Human-powered skiing and snowboarding—eschewing lifts and climbing up trails with adhesive ‘skins’ strapped to your skis—has seen a dramatic rise in popularity during the past few years. But this change has been quickly followed by a shift from the backcountry to the frontcountry.
“The backcountry is great. The backcountry is [...] the preference,” Warren says. “But the reality is that the snowpack in New England is extremely unreliable.”
Especially in low-snow winters like this one, when rain events are common and frequent thaws compromise snowpack, Warren and his fellow backcountry enthusiasts have no choice but to ‘uphill’ on groomed trails and manmade snow.
That means when they clip into their skis and begin an ascent, they’re often looking at the underside of a chairlift, not a breathtaking White Mountains view.
Skiing ‘on a treadmill’
Southern New Hampshire resident Justin Culligan, who has been a human-powered skier for ten years, compares uphilling at a resort to “running on a treadmill. [...] It gets the need for exercise and you’re still out in the fresh air and you’re enjoying being in the mountains.” Still, he says, “the backcountry is where I prefer to be.”
When he can’t ski in the backcountry, Culligan usually arrives at Pats Peak Ski Area in Henniker around 5:30 or 6 AM on weekdays to get a few uphill laps in before work.
He’s found himself spending more time on manmade snow “especially in the last four or five years,” he says. His “go-to early season backcountry tour is the Sherbie”—the John Sherburne Trail on Mount Washington. When Culligan first started backcountry skiing in the early 2010s, he recalls, “it was pretty regularly available to ski by, like, December 10th. The last three, four, five years,” he’s been “lucky to get up there even by mid-January.”
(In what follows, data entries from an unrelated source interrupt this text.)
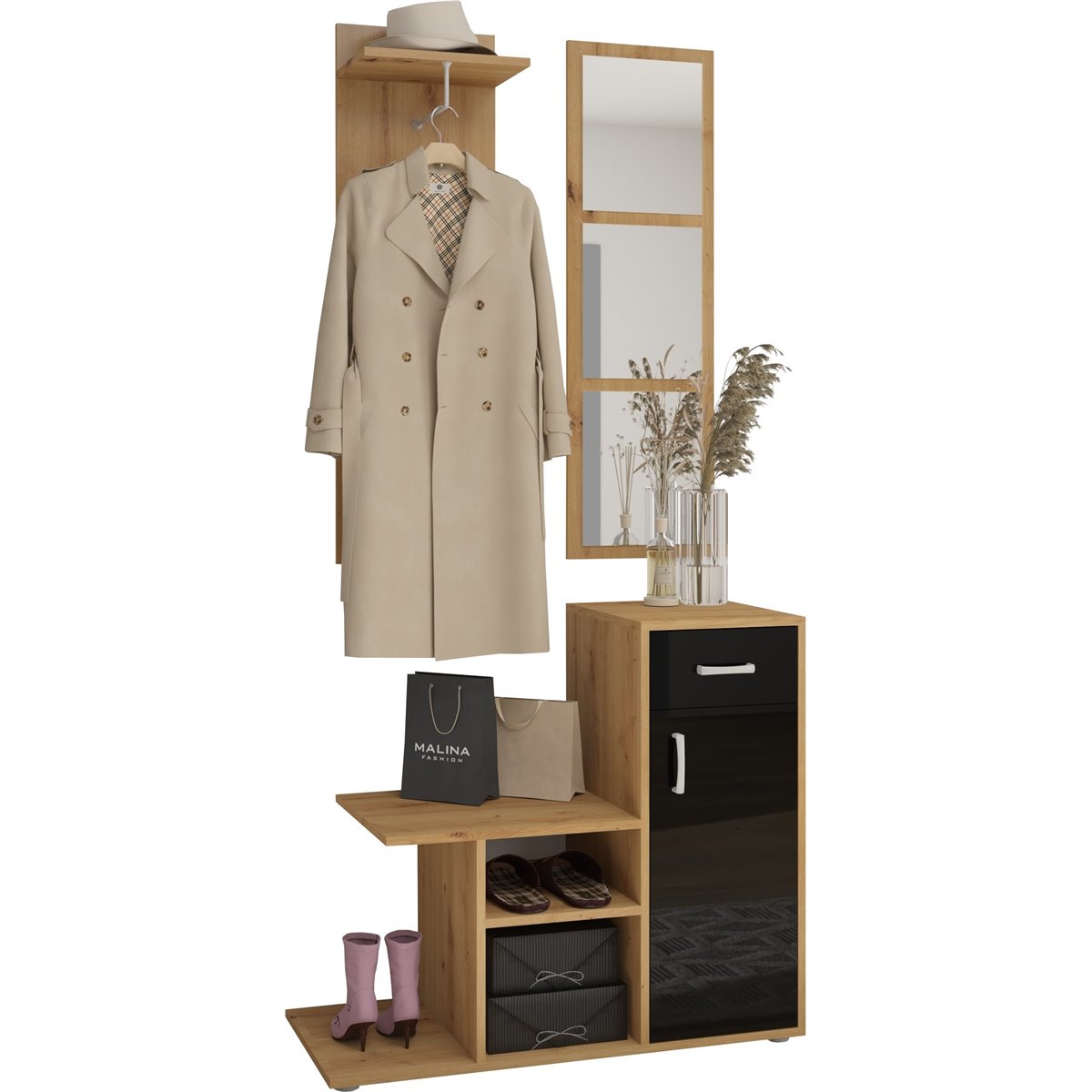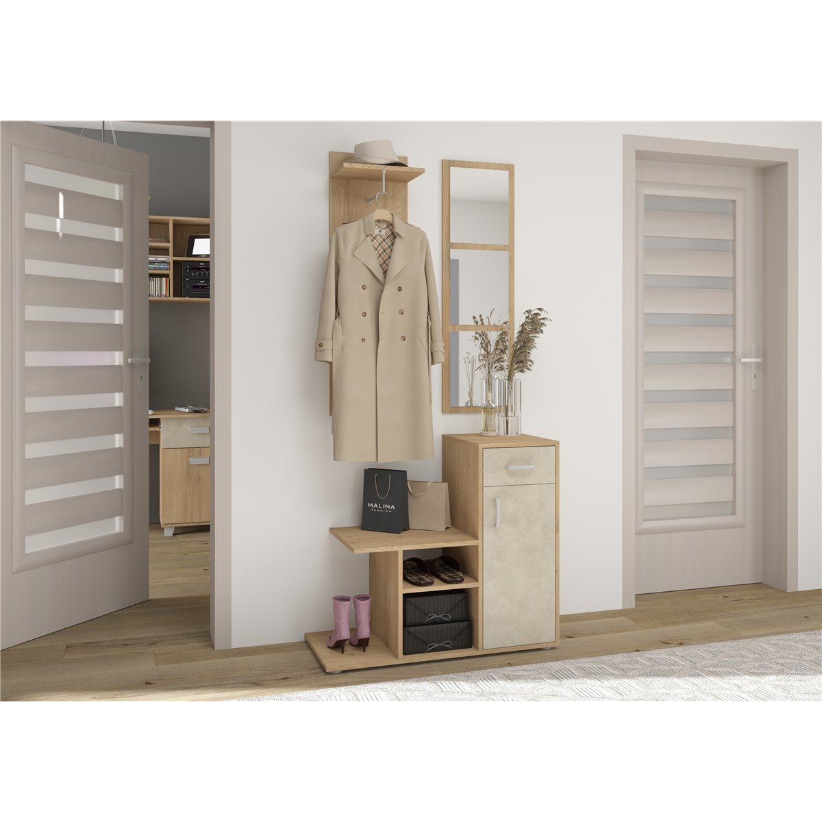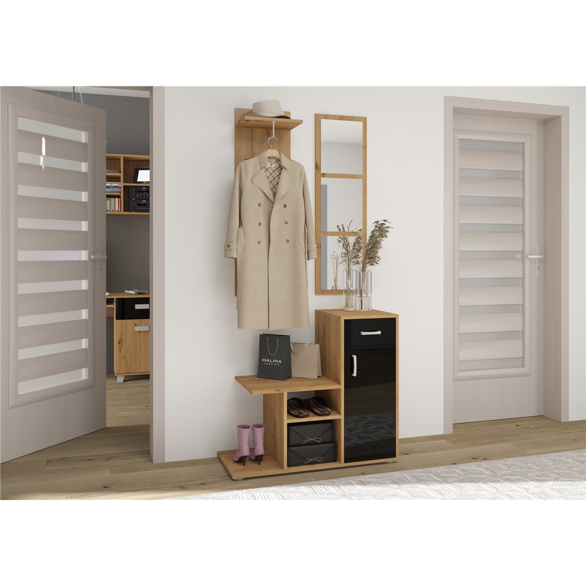 Przedpokój MIKA to praktyczny mebel w szerokiej gamie kolorów do wyboru, który idealnie wpasuje się w każdą kolorystyke pomieszczenia. Ten funkcjonalny komplet mebli, będzie świetnym wyborem do niewielkiego pomieszczenia.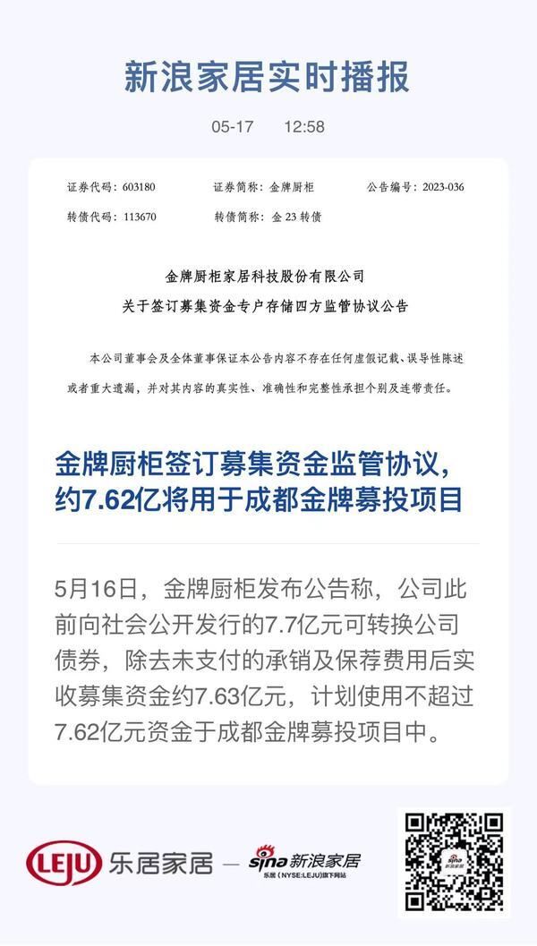 5月16日,金牌厨柜发布公告称,公司此前向社会公开发行的7.7亿元可转换公司债券,除去未支付的承销及保荐费用后实收募集资金约7.63亿元,计划使用不超过7.62亿元资金于成都金牌募投项目中。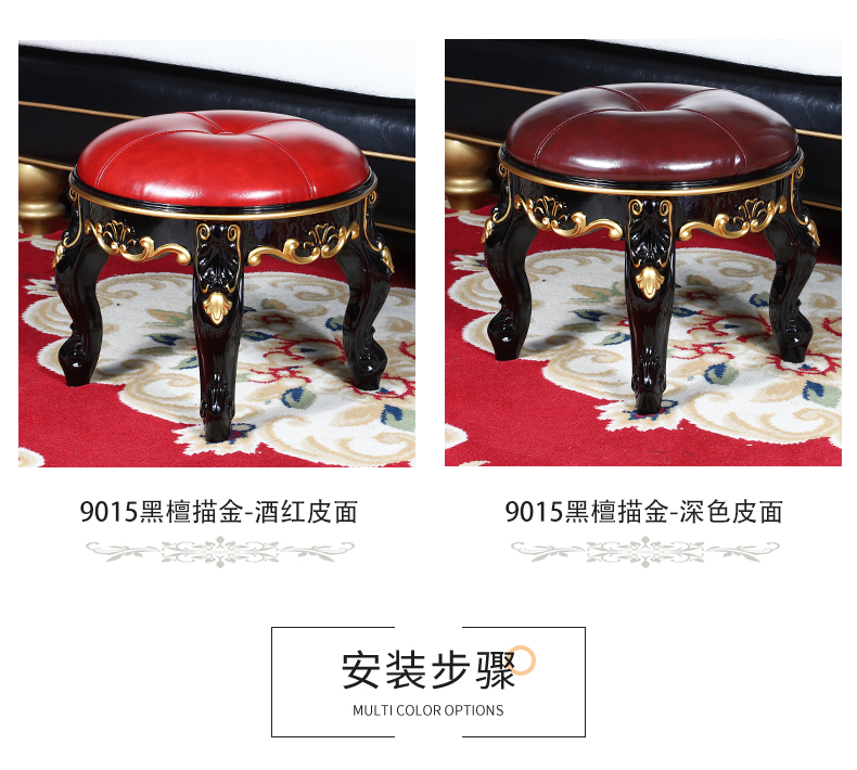 • 【9015】블랙 샌달우드 골드 페인팅 + 다크 가죽 버클이 있는 라운드 스툴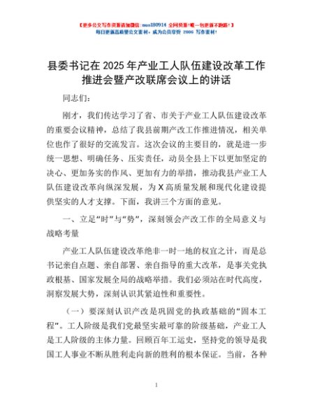 / 县委书记在2025年产业工人队伍建设改革工作推进会暨产改联席会议上的讲话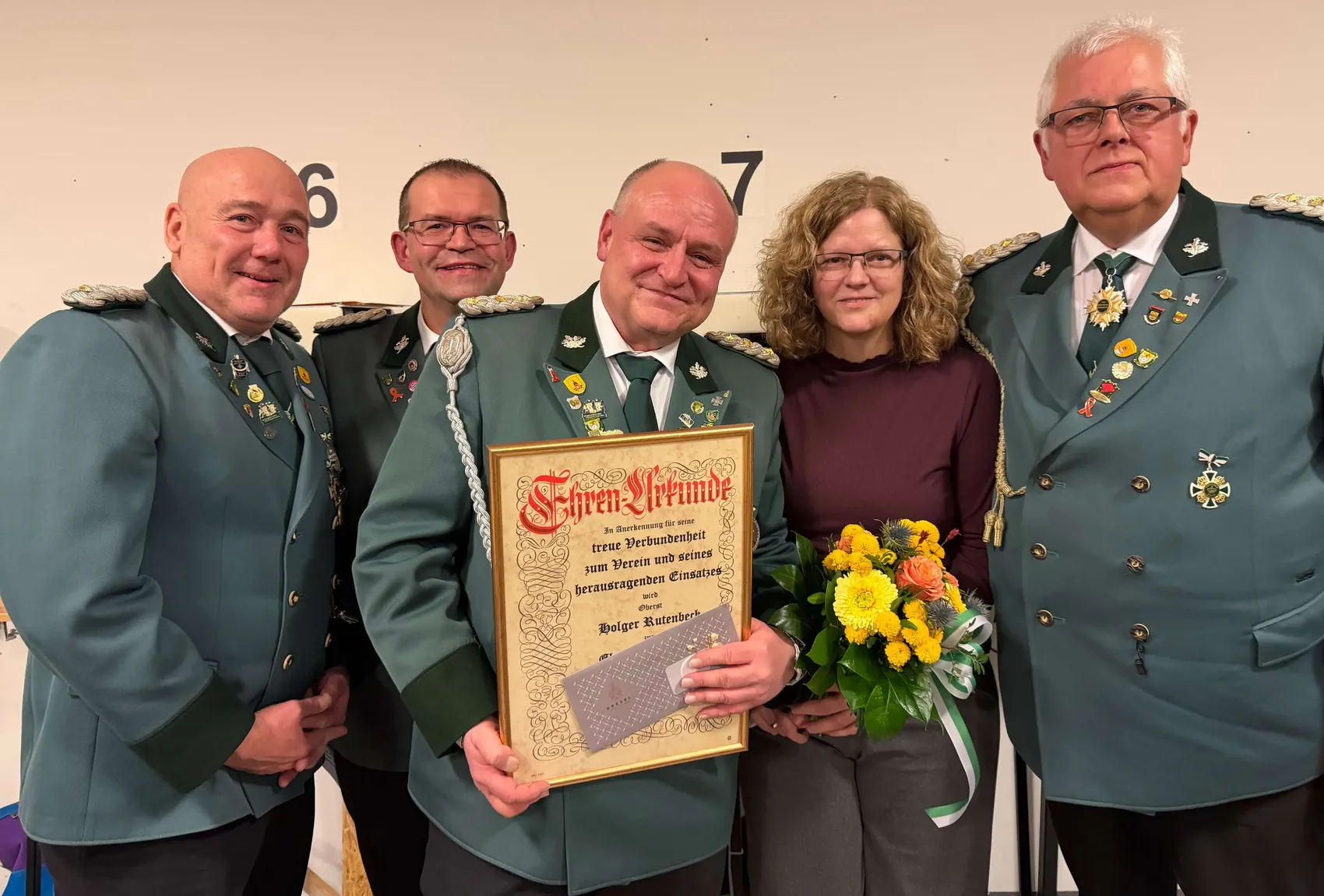 Es war gleich in mehrfacher Hinsicht eine besondere Jahreshauptversammlung für die Schützen aus Hülscheid. Mit Standing Ovations, der ein oder anderen Träne und mit vielen Geschenken schied Holger Rutenbeck nach 18 Jahren als Vorsitzender aus dem Vorstand aus. Fortan, so haben es sich seine Vorstandskollegen überlegt, trägt er neben Wilfried Patermann den Titel "Ehrenvorsitzender".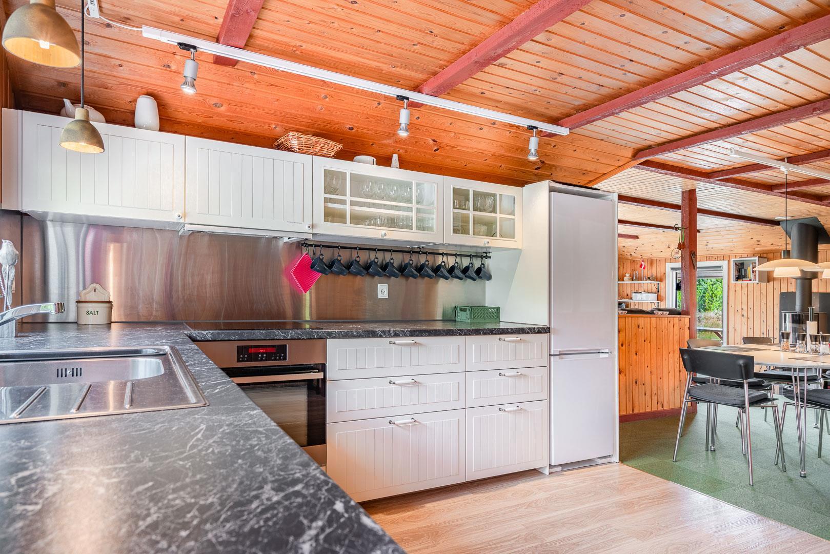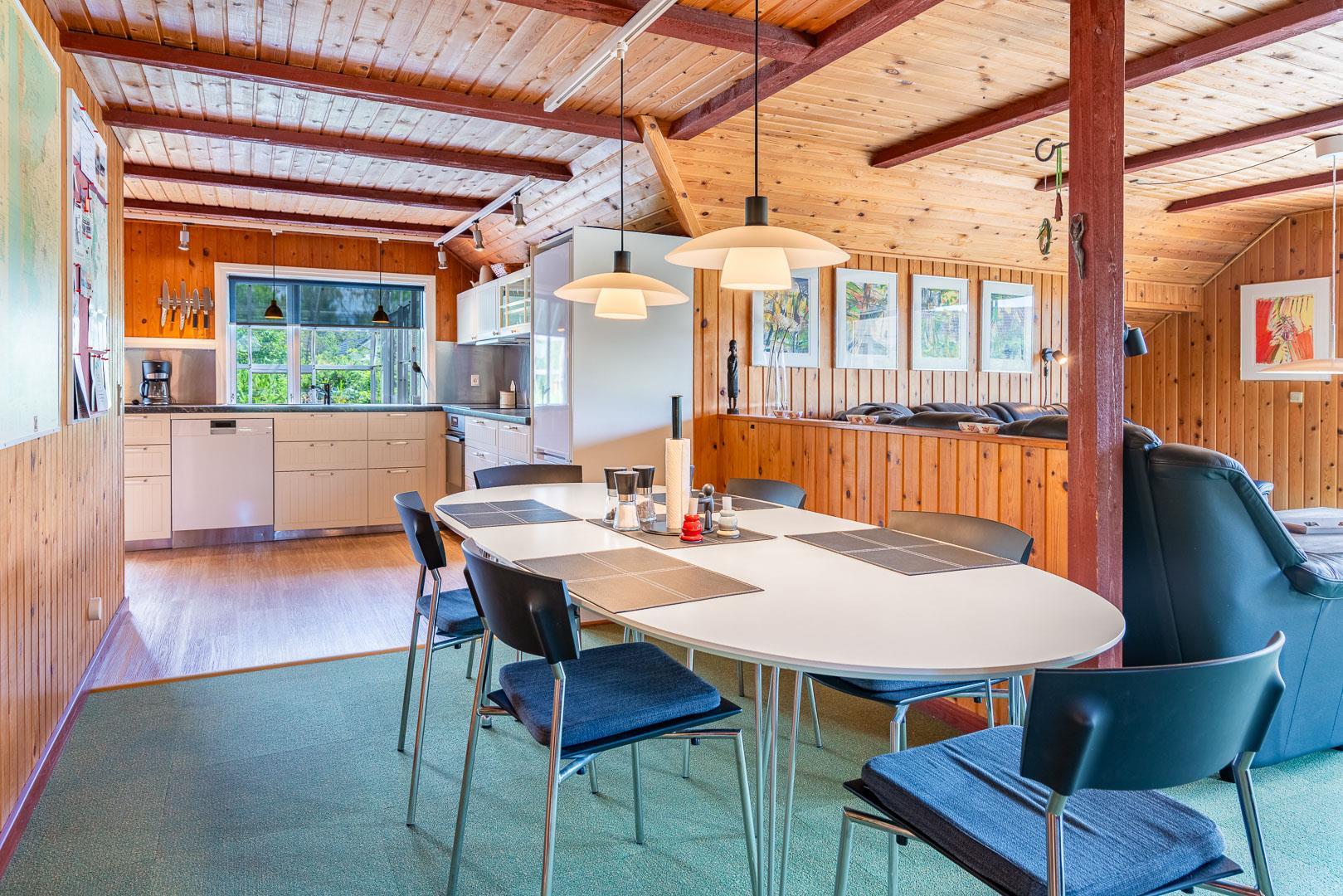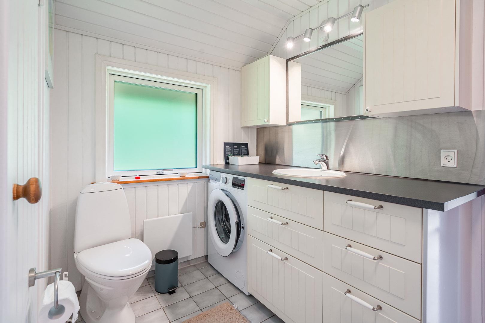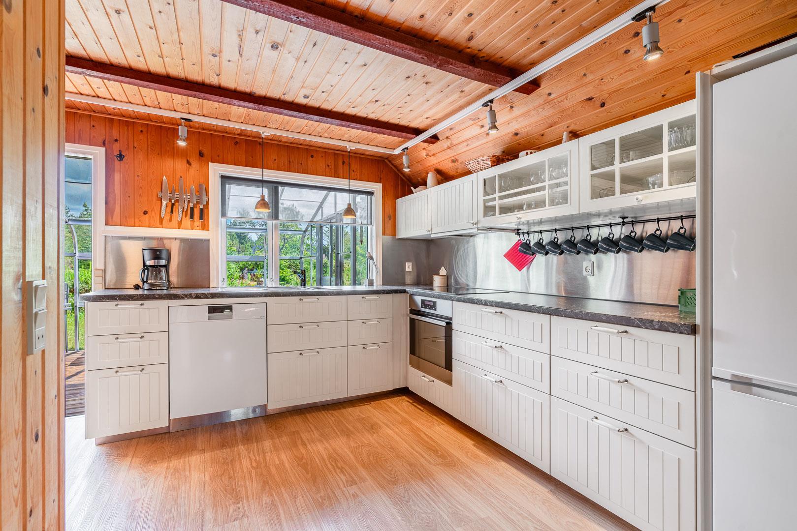 En skøn udestue med havemøbler giver ekstra opholdsplads året rundt. Huset har en centralstøvsuger og en værdiboks til opbevaring. Sommerhuset er ideelt til en afslappende ferie tæt på naturen.
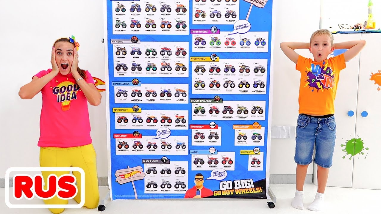 Дети собирают коллекцию игрушечных машинок | Hot Wheels Monster Trucks! Видео от Влада и Ники!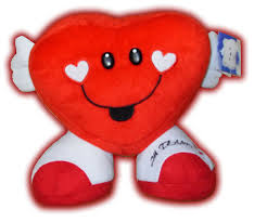 pelúcia em forma de coração, 01 buquê com 06 rosas vermelhas.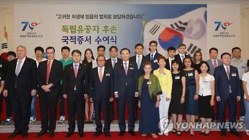 (서울=연합뉴스) 최송아 기자 = 법무부는 제70주년 광복절을 앞두고 독립유공자의 후손들에게 12일 대한민국 국적을 부여했다.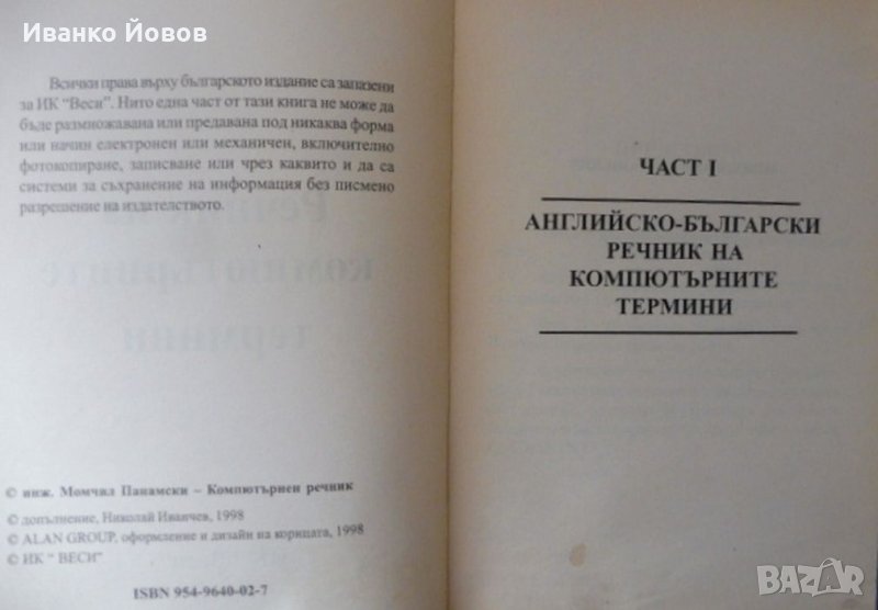 – Български компютърен речник за всеки, инж. Момчил Панамски, издателство ИК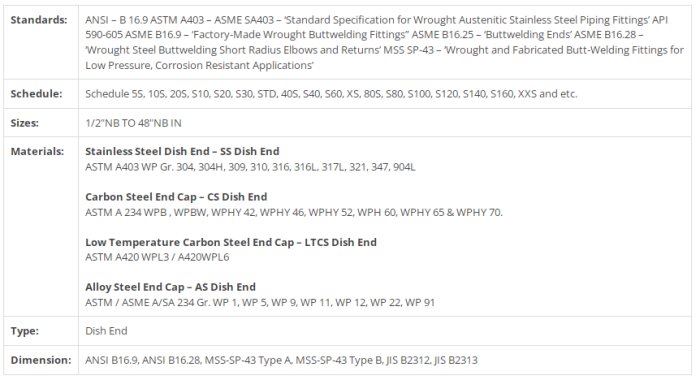 JF Engineering Products LLP maker and exporter of ASME/ANSI B16.9 Buttweld dish Cap pipe fittings available in different structures and size, items like Elbows,Tee, Cross and reducers etc. Buttweld fittings are those fittings which is used in a piping scheme to modify the direction, change pipe diameter or for branching. Buttweld fittings measurements, dimensional resiliences are characterized in the ASME B16.9 guidelines. Light-weight consumption safe fittings are made to MSS SP43.We additionally offer hand crafted Buttweld dish Cap that have been generally valued by our customers. ASME B 16.9 Buttweld End dish cap Pipe Fittings standard covers pressure-temperature ratings, materials, dimensions, tolerances,marking, testing, and methods of designating openings for fittings. Buyers can purchase varieties of grades with different materials such as Stainless Steel ASTM A403 304, 316L, 317L, 321.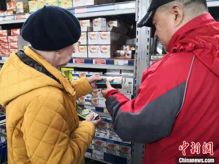 资料图:俄罗斯市民在超市挑选来自贵州的茶叶产品。周智超摄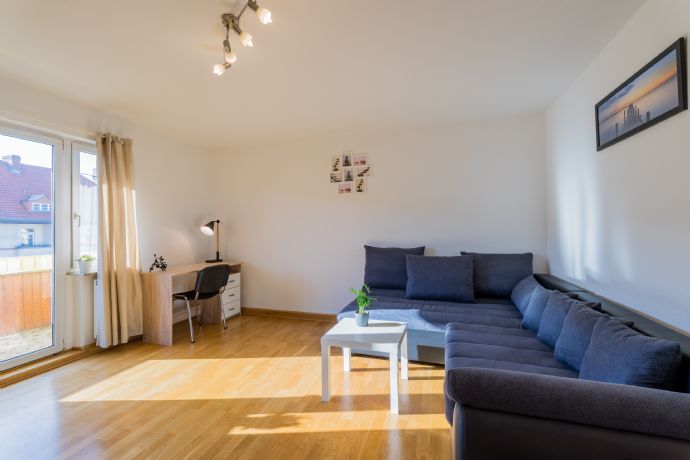 Schöne, helle 3 Zimmerwohnung mit Echtholzparkett, Granitbad und Klimaanlage-komplett möbliert, 2 Schlafzimmer, Kleiderschrank, Kommode, Nachttisch sowie separater voll ausgestatteter Einbauküche mit Herd, Backofen, Kühlschrank, Mikrowelle, Spülmaschine.-Getrennter Abstellraum inkl Waschmaschine innerhalb der Wohnung-Absolut WG tauglich da beide Zimmer vom Flur zugänglich und im Schnitt sehr ähnlich. 4. von 4 Etagen, daher keine Lärmbelästigung oder Schritte von Nachbarn von oben- leider kein Aufzug vorhanden! This recently renovated, fully furnished 3 bedroom apartment welcomes you with a fully equipped kitchen including all common utensils such as fitted kitchen with dishwasher, pots, pans, plates, glasses, cutlery and a small and a large bedroom with each bed, wardrobe, bedside tables, etc, and a spacious Living room with a huge sofa bed, work desk with desk and a west-facing balcony. Another extra bed is available if required. Both bedrooms are facing the garden and turned away from the street, so you can escape the traffic noise in Berlin as much as possible. Own small separate storage room for washing machine inside the apartment. Real wood parquet in living and bedrooms, as well as in the hallway. Air conditioning in the living room. Double glazing throughout the apartment. If needed, furniture can be adapted to your needs. Tempelhof nähe Tempelhofer Damm. Direkte Verbindung zur Friedrichstraß, Stadtmitte und Kreuzberg. Close to metro station leading straight to city centre, eg Kreuzberg, Mitte, Friedrichstraße

‘Less intimidating than I thought’
The recent focus on resort skiing does have a silver lining for those interested in trying out human-powered skiing for the first time.
Katie Berdy, 26, of Hanover, learned the mechanics of uphill skiing through an introductory event held at Whaleback Mountain in January. Berdy, who was interested in uphill skiing more for the exercise than for the adventure, was content with a few laps up Whaleback’s 700 vertical feet.
Inclusive Ski Touring trip leader Josh Chang leans down to help a beginning ski tourer strap into her skis on a January day at Whaleback.
“It was very fun,” Berdy said after finishing a lap. “It was less intimidating than I thought.” Asked if she was interested in venturing into the backcountry, she said, “I’m pretty risk-averse to avalanche conditions, so I probably will just do things like this.”
Her experience was made possible by Inclusive Ski Touring, a group Zachary McCarthy began in 2021 to help bring new people into the world of human-powered skiing and splitboarding.
McCarthy’s goal was to break down the “holier-than-thou culture” that he felt was making it harder for newbies without the right experience, equipment, or connections to join the backcountry ski community.
“I think [...] people are realizing that ski touring or splitboarding doesn’t have to be this crazy backcountry skiing that you might see in movies, but it can be as simple as skinning up the resort in their off hours and being able to ski back down,” McCarthy explains.
Inclusive Ski Touring offers scholarships, cost waivers, and gear rental discounts for ‘Open-to-All Programs’ like the one Berdy participated in, as well as trips specifically for skiers and boarders from underrepresented backgrounds. Their cheapest option, according to McCarthy, is $45 total for discounted gear rentals, a group uphilling lesson, and an uphill pass at Mount Abram in Greenwood, Maine.